▶ [Aim of the task]:
Print exactly what appears from the line containing "for nighttime journeys" through the final line of the data below, pictures excluded.

▶ [Task input]:

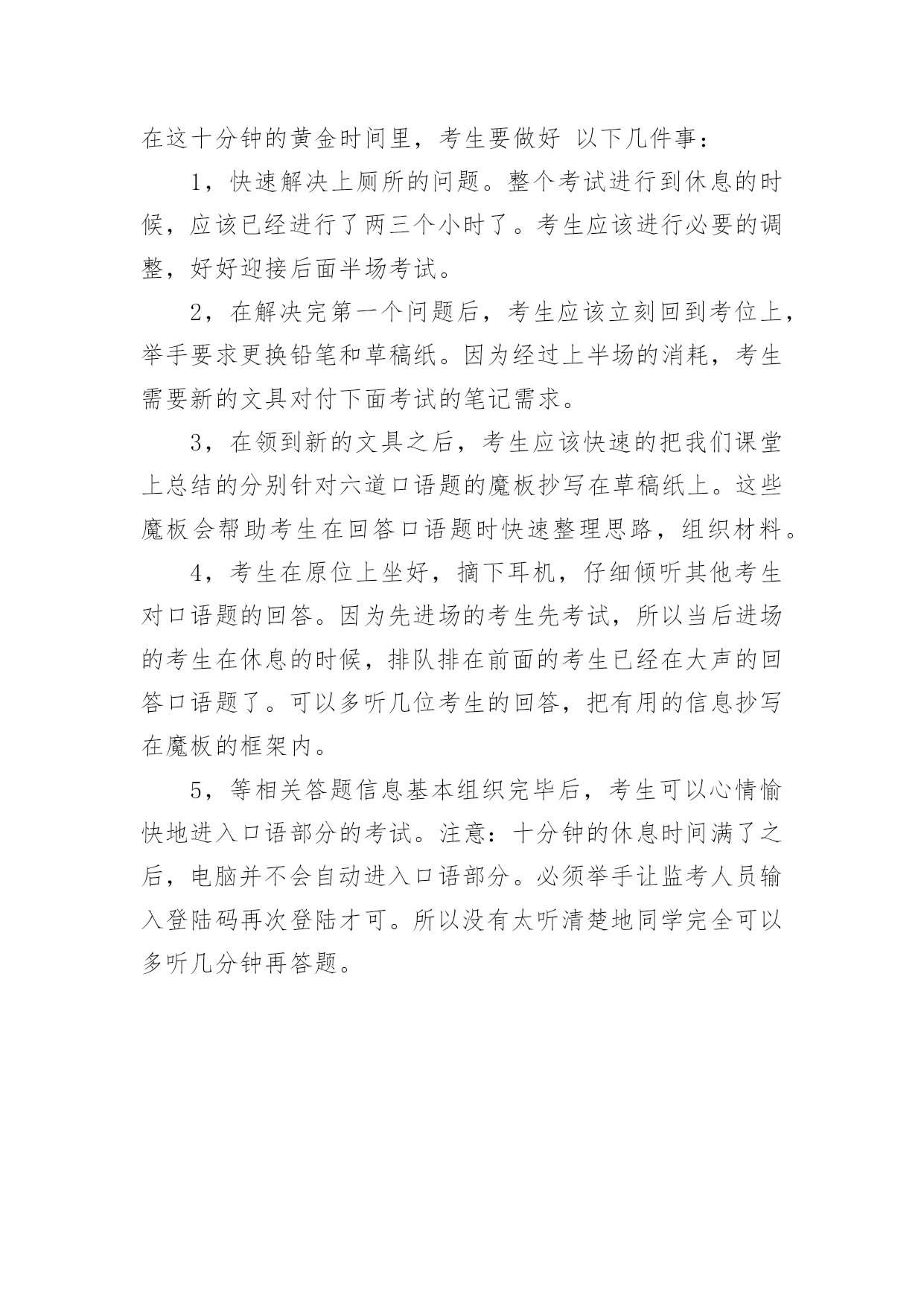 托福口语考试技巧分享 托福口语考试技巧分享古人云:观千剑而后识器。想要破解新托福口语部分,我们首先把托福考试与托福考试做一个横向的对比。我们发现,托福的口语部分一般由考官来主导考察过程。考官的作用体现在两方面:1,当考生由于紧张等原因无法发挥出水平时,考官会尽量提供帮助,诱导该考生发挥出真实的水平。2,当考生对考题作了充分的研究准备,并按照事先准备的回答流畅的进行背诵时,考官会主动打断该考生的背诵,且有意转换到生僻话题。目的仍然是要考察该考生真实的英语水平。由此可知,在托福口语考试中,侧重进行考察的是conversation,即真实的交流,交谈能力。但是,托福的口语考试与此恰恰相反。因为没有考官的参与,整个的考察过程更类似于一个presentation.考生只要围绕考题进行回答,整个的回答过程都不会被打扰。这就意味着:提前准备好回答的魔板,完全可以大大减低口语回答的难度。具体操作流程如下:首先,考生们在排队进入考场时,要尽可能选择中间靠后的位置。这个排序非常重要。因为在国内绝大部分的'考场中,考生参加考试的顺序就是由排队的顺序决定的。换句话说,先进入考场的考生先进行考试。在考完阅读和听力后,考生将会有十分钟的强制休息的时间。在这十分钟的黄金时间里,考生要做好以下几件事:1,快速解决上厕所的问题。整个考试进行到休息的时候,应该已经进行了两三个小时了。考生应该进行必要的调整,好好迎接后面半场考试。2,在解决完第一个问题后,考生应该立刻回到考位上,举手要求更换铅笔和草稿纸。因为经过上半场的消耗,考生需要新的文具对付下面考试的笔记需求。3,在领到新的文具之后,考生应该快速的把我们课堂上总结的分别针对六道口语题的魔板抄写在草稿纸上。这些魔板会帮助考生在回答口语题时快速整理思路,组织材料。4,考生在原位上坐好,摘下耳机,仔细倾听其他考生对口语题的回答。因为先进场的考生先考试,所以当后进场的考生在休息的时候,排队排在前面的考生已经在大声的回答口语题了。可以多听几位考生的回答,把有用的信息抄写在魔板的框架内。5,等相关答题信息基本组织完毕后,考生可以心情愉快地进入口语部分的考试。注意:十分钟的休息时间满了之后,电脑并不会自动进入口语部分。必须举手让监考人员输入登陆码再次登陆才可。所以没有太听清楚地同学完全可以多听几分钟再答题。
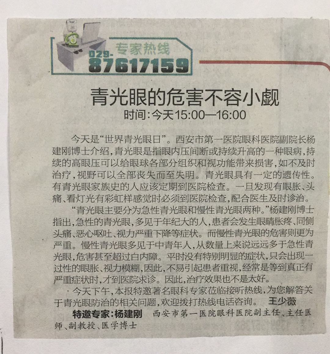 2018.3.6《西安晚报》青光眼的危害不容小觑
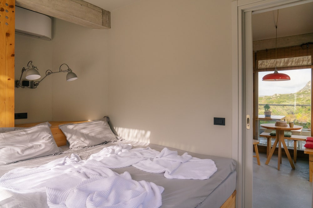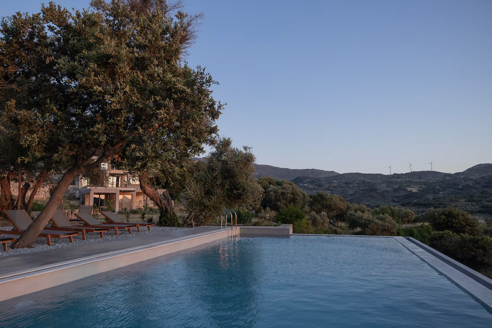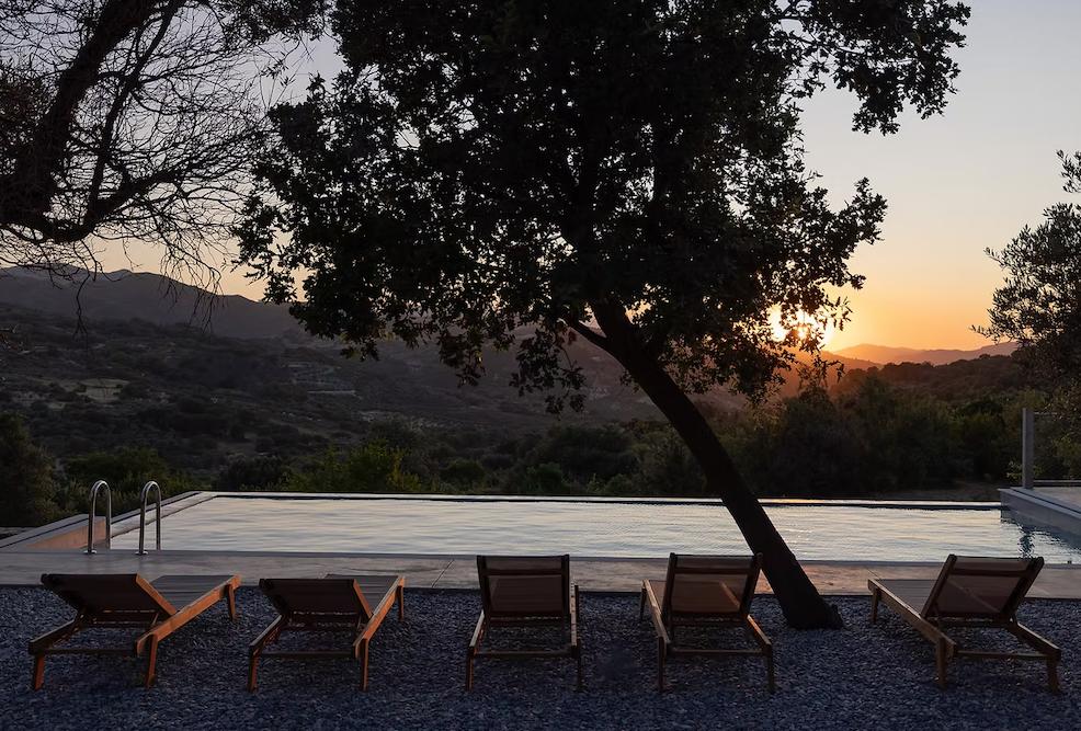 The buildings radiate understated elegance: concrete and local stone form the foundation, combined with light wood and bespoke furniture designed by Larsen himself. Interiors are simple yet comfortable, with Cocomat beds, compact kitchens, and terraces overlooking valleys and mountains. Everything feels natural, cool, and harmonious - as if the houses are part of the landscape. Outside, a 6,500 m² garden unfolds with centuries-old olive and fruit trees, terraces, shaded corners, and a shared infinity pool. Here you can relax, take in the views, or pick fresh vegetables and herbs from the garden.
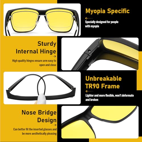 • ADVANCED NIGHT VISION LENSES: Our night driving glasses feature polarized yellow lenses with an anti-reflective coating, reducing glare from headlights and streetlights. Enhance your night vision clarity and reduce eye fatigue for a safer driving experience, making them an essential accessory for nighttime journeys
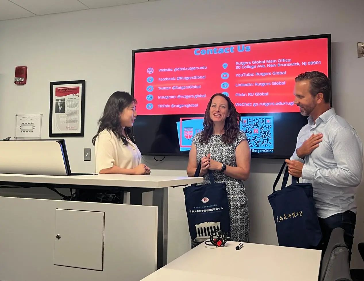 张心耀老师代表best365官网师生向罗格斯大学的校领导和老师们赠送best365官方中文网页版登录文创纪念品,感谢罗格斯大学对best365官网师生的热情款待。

▶ [Solution]:
 • ADVANCED NIGHT VISION LENSES: Our night driving glasses feature polarized yellow lenses with an anti-reflective coating, reducing glare from headlights and streetlights. Enhance your night vision clarity and reduce eye fatigue for a safer driving experience, making them an essential accessory for nighttime journeys
 张心耀老师代表best365官网师生向罗格斯大学的校领导和老师们赠送best365官方中文网页版登录文创纪念品,感谢罗格斯大学对best365官网师生的热情款待。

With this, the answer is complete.